Usatoff V, Isla A M, Habib N A
Department of Gastrointestinal Surgery, Imperial College of Science and Medicine, Liver Surgery Section, Hammersmith Hospital, London, England.
Hepatogastroenterology. 2001 Jan-Feb;48(37):46-50.
BACKGROUND/AIMS: The aim of this study was to assess the results of major liver resection in patients with advanced hepatocellular carcinoma in terms of safety and survival.
The subjects of this study are 19 patients that underwent 24 resections for advanced (stage IV) hepatocellular carcinoma. Eighteen of these resections were performed for primary tumor and 6 were repeat resections. Nine patients presented without cirrhosis, 5 with cirrhosis, and 5 patients had the fibrolamellar variant of hepatocellular carcinoma.

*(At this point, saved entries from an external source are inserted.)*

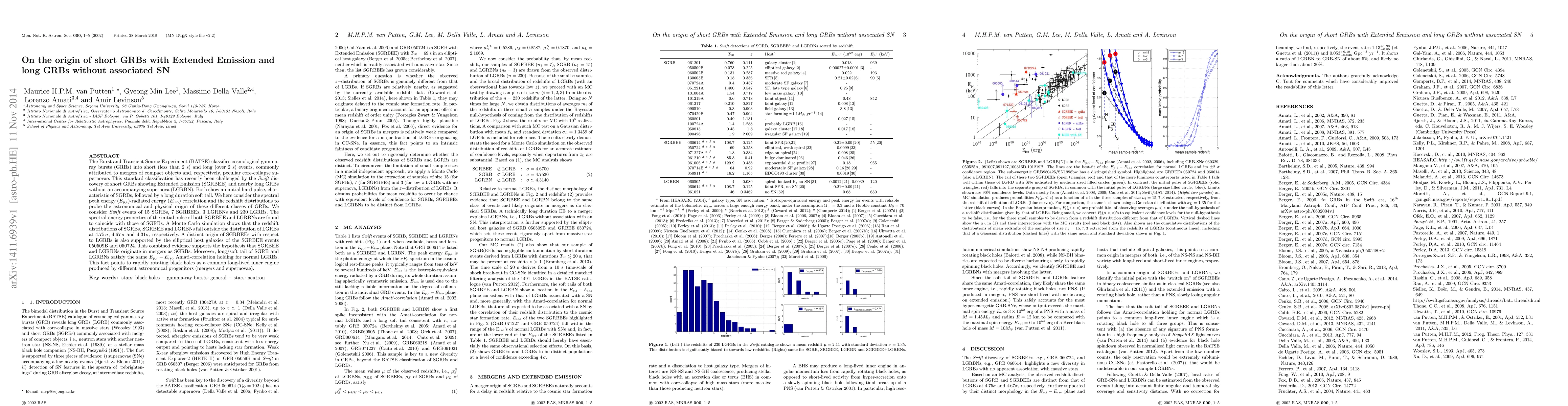The Burst and Transient Source Experiment (BATSE) classifies cosmological gamma-ray bursts (GRBs) into short (less than 2 s) and long (over 2 s) events, commonly attributed to mergers of compact objects and, respectively, peculiar core-collapse supernovae. This standard classification has recently been challenged by the {\em Swift} discovery of short GRBs showing Extended Emission (SGRBEE) and nearby long GRBs without an accompanying supernova (LGRBN). Both show an initial hard pulse, characteristic of SGRBs, followed by a long duration soft tail. We here consider the spectral peak energy ($E_{p,i}$)-radiated energy $(E_{iso})$ correlation and the redshift distributions to probe the astronomical and physical origin of these different classes of GRBs. We consider {\em Swift} events of $15$ SGRBs, $7$ SGRBEEs, 3 LGRBNs and 230 LGRBs. The spectral-energy properties of the initial pulse of both SGRBEE and LGRBNs are found to coincide with those of SGRBs. A Monte Carlo simulation shows that the redshift distributions of SGRBs, SGRBEE and LGRBNs fall outside the distribution of LGRBs at 4.75$\,\sigma$, 4.67$\,\sigma$ and 4.31$\sigma$, respectively. A distinct origin of SGRBEEs with respect to LGRBs is also supported by the elliptical host galaxies of the SGRBEE events 050509B and 050724. This combined evidence supports the hypothesis that SGRBEE and LGRBNs originate in mergers as SGRBs. Moreover, long/soft tail of SGRB and LGRBNs satisfy the same $E_{p,i}-E_{iso}$ Amati-correlation holding for normal LGRBs. This fact points to rapidly rotating black holes as a common long-lived inner engine produced by different astronomical progenitors (mergers and supernovae).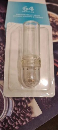 Really like the serum bottle on this I put hyaluronic acid an vitamin c I used it lying down as the serum dispenses easily on my face at night needles are sharp an good quality woke up with plump skin thanks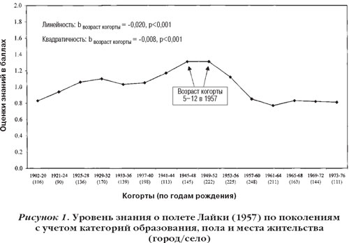 Такие события, как орбитальный полет собаки Лайки во втором ИСЗ, способствовали улучшению репутации советского режима, поэтому о них рассказывали в школах и сообщали в контролируемых государством СМИ. Знание об этих событиях имеет относительно низкую корреляцию с годами учебы в школе, потому что во время этих событий большинству россиян было еще слишком мало лет, и оно не зависит от уровня их последующего образования. Другие события, например повесть Солженицына «Один день Ивана Денисовича», длительное время замалчиваемая режимом, обнаруживают более тесную связь с уровнем образования. Люди, получившие хорошее образование, обладают критическим мышлением и могут найти несанкционированные режимом способы получения информации о том, что происходит в мире. Кроме того, такие люди в меньшей степени ограничиваются своим личным опытом, и в этом смысле образование уменьшает эффект когорты.
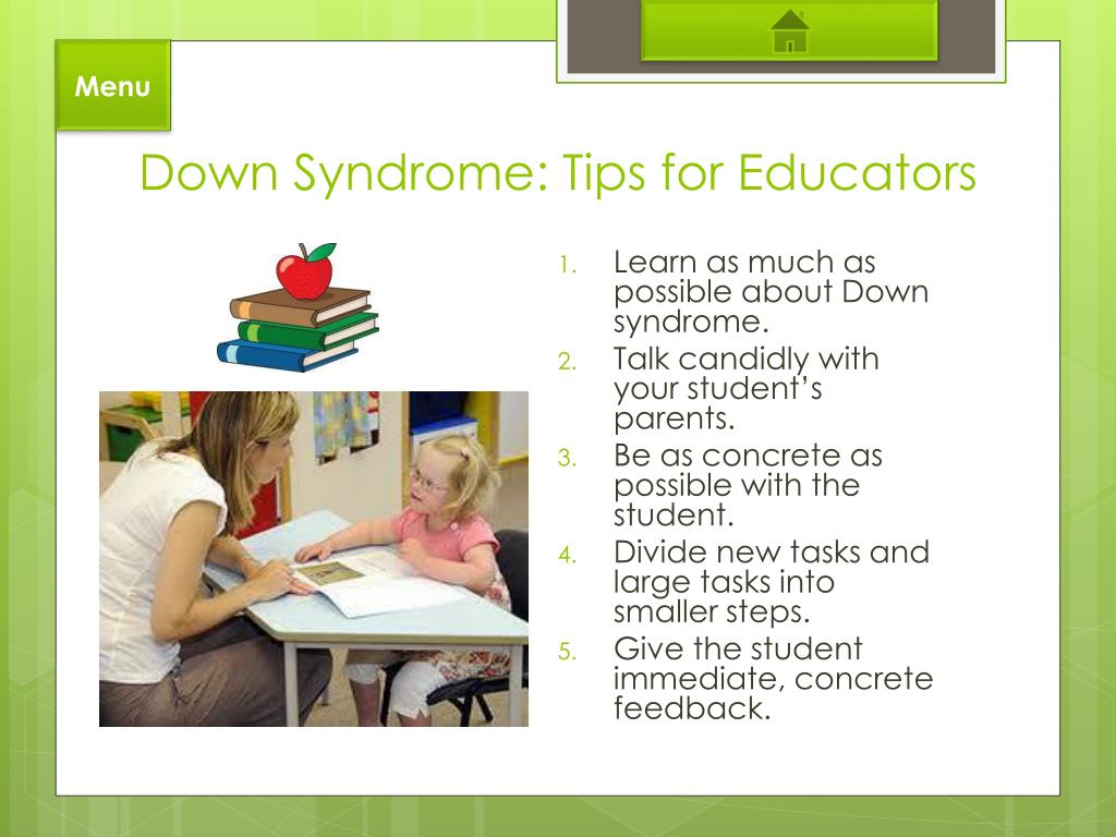 Menu Down Syndrome: Tips for Educators • Learn as much as possible about Down syndrome. • Talk candidly with your student’s parents. • Be as concrete as possible with the student. • Divide new tasks and large tasks into smaller steps. • Give the student immediate, concrete feedback.

Hospital mortality was recorded in 1 case (5%). Morbidity was noted in 7(37%) cases. All patients with fibrolamellar variant of hepatocellular carcinoma are alive at 78, 41, 24, 12 and 9 months (P = 0.008), compared with a median survival of 18 and 9 months for the noncirrhotic hepatocellular carcinoma and cirrhotic hepatocellular carcinoma groups, respectively (P = 0.24).

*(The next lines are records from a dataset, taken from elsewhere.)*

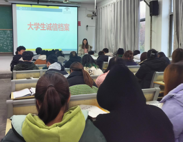 首先,王欣然向同学们说明诚信档案的重要性,随后就填写过程做详细的培训,带着同学们逐一进行指导填写,帮助同学们更加直观的了解填写过程及规范,并叮嘱同学们要认真听取要求填写,避免出错。其次,王欣然就同学们在学习生活中经常遇到的考勤情况、学业情况、助学贷款违约、等方面可能出现的失信现象进行重点强调,以避免出现失信行为。诚信档案填写完成后,由各班收齐进行保存。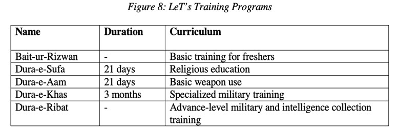 The training programmes of these groups are holistically planned, having the components of professional military training and weapon usage; and religious, intelligence and civic education including lessons about the Kashmir conflict, India’s demography and security agencies. Training is also provided on gathering intelligence, conducting reconnaissance activities and spreading propaganda to recruit more militants.xlii LeT has been regarded as one of the finest militant training providers due to its efficacious training plans (Fig. 8),xliii allowing it to attract other terrorist groups to undertake training for their own cadres.xliv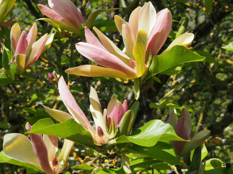 Magnolia x brooklynensis ‘Woodsman’ is an upright grower and produces late-spring flowers that are green and purple-pink on the outside, with yellow-white interiors that are veined with pink. It is an excellent choice for street planting. Magnolia x brooklynensis is deciduous, not native to New Zealand, and a hybrid between Magnolia acuminata and Magnolia liliiflora. Magnolia x brooklynensis was first crossed in the 1950s by Evamaria Sperber at the Brooklyn Botanic Garden’s Kitchawan Research Station in New York City, New York, United States. Magnolia x brooklynensis ‘Woodsman’ is a hybrid between Magnolia acuminata ‘Klassen’ and Magnolia liliiflora ‘O’Neill’. ‘Woodsman’ was raised by Joe McDaniel in Illinois, United States and first flowered in 1972.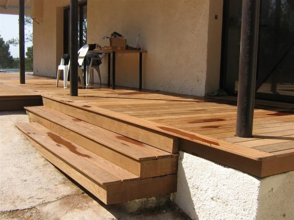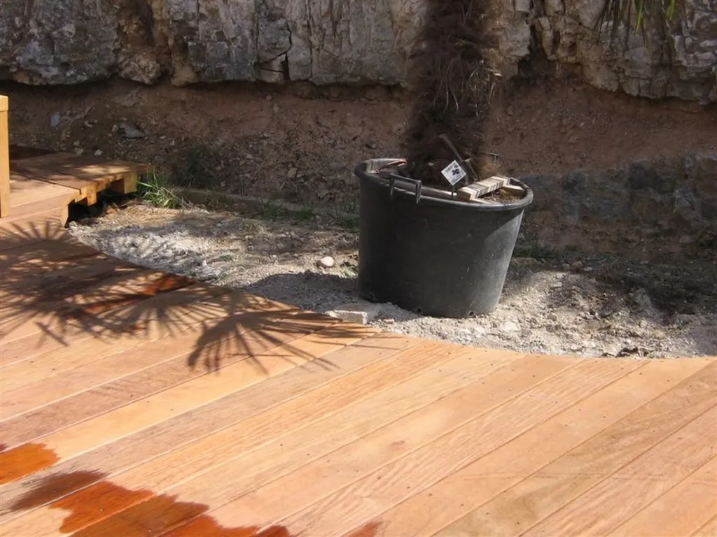 L'utilisation de lambourdes en bois exotiques pour soutenir la structure de la terrasse est également mentionnée. Les lambourdes sont des poutres ou des pièces de bois utilisées pour soutenir les lames de la terrasse et assurer une base solide. L'utilisation de bois exotiques pour les lambourdes est cohérente avec le choix d'utiliser l'IPE comme matériau principal de la terrasse, ce qui assure une harmonie esthétique et une cohérence dans les caractéristiques du bois utilisé.

We conclude that an aggressive policy of major liver resection with vascular reconstruction was justifiable in patients with advanced fibrolamellar variant of hepatocellular carcinoma and in selected patients with noncirrhotic hepatocellular carcinoma, and of doubtful value in patients with cirrhosis.

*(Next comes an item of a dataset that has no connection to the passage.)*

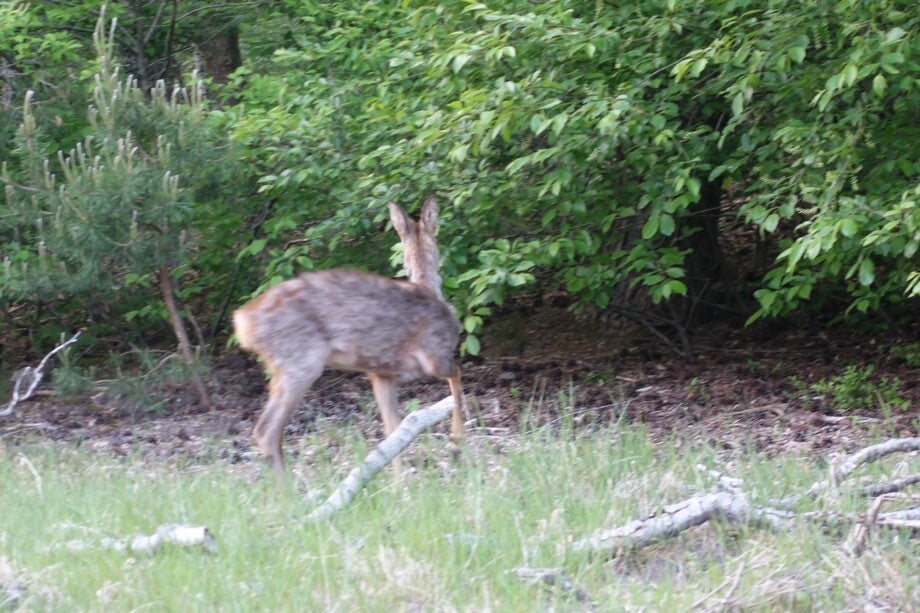 Gisteren was het bewolkt en af en toe een beetje regenachtig. ’s Morgens hebben we nog een rondje langs de paarden gelopen. ’s Middags was er af en toe een bui dus lekker gelezen en gepuzzeld. Konden we een beetje uitrusten van al dat gefiets! ’s Avonds was het droog dus nog een rondje om de camping gelopen. Daar kwamen we bijna op dezelfde plek als vorige week twee hertjes tegen. Ze wilden niet poseren dus met veel inzoomen kreeg ik er één op de foto. Hij is een beetje wazig geworden maar wel herkenbaar.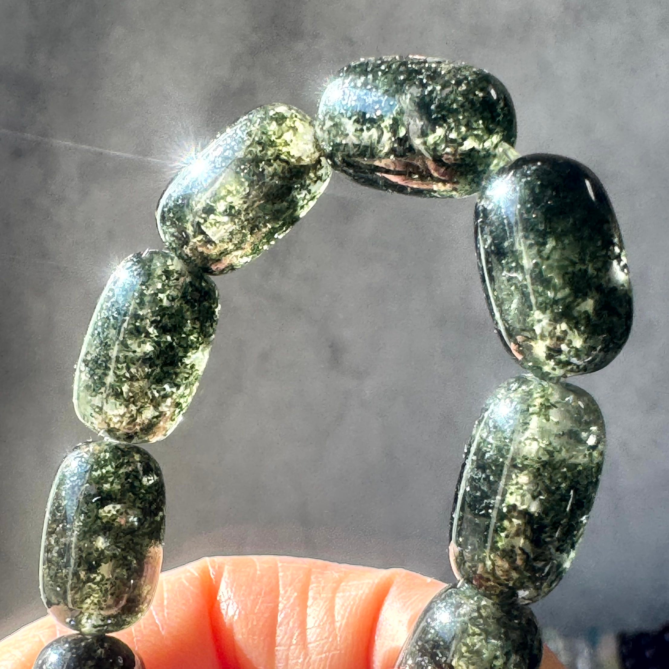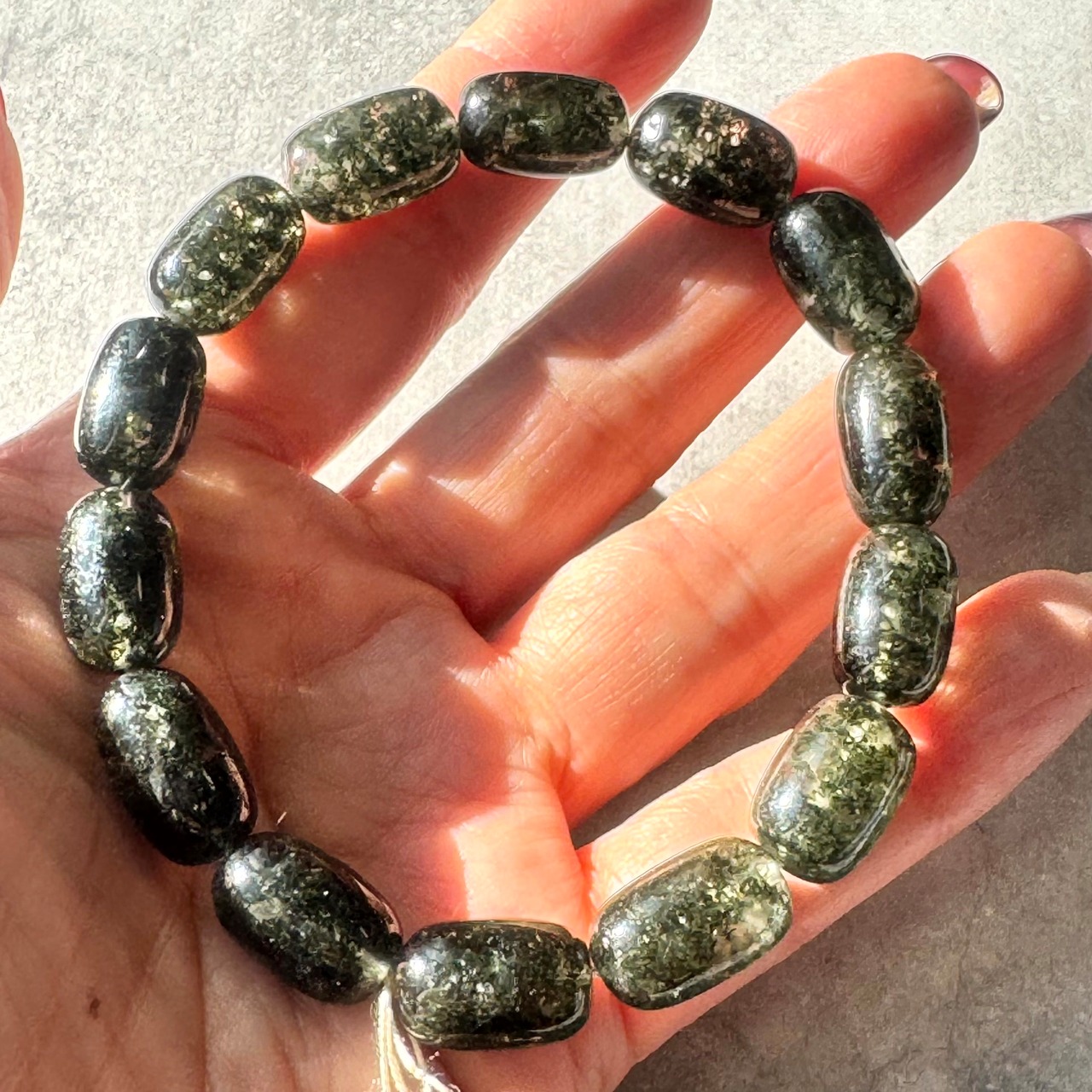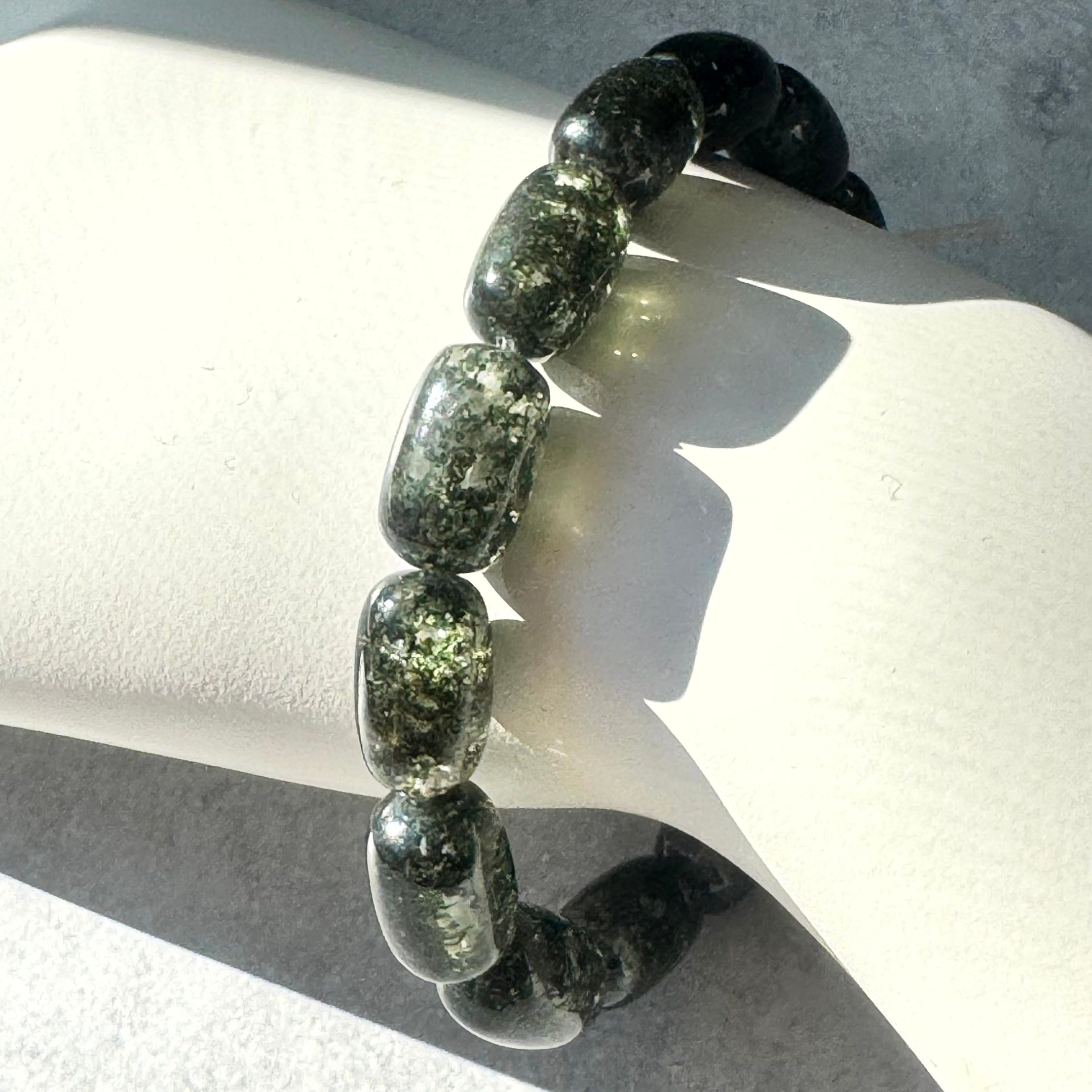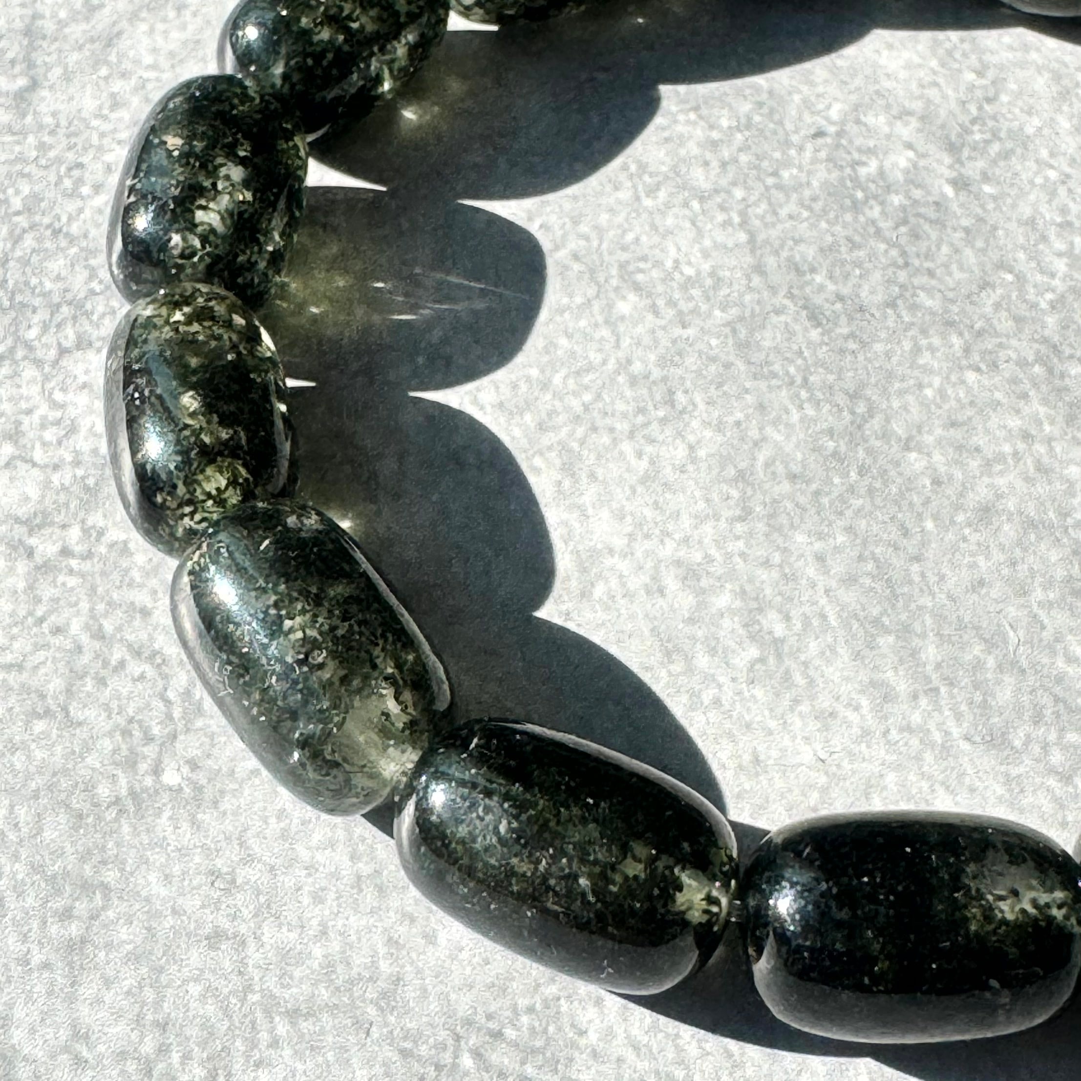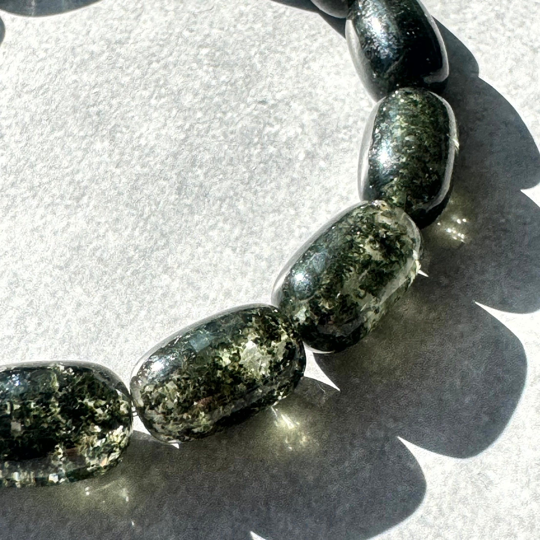 一見黒に見えますが、グリーンガーデンクォーツのチューブカットブレスレットです。

背景/目的:本研究旨在评估晚期肝细胞癌患者接受大肝切除术后的安全性及生存结果。
本研究的对象为19例接受了24次晚期(IV期)肝细胞癌切除术的患者。其中18次切除针对原发性肿瘤,6次为再次切除。9例患者无肝硬化,5例有肝硬化,5例为纤维板层型肝细胞癌。
1例(5%)患者出现医院死亡。7例(37%)患者出现并发症。所有纤维板层型肝细胞癌患者分别在78、41、24、12和9个月时仍存活(P = 0.008),相比之下,非肝硬化肝细胞癌组和肝硬化肝细胞癌组的中位生存期分别为18个月和9个月(P = 0.24)。
我们得出结论,对于晚期纤维板层型肝细胞癌患者以及部分非肝硬化肝细胞癌患者,采取积极的大肝切除联合血管重建策略是合理的,而对于肝硬化患者,该策略的价值存疑。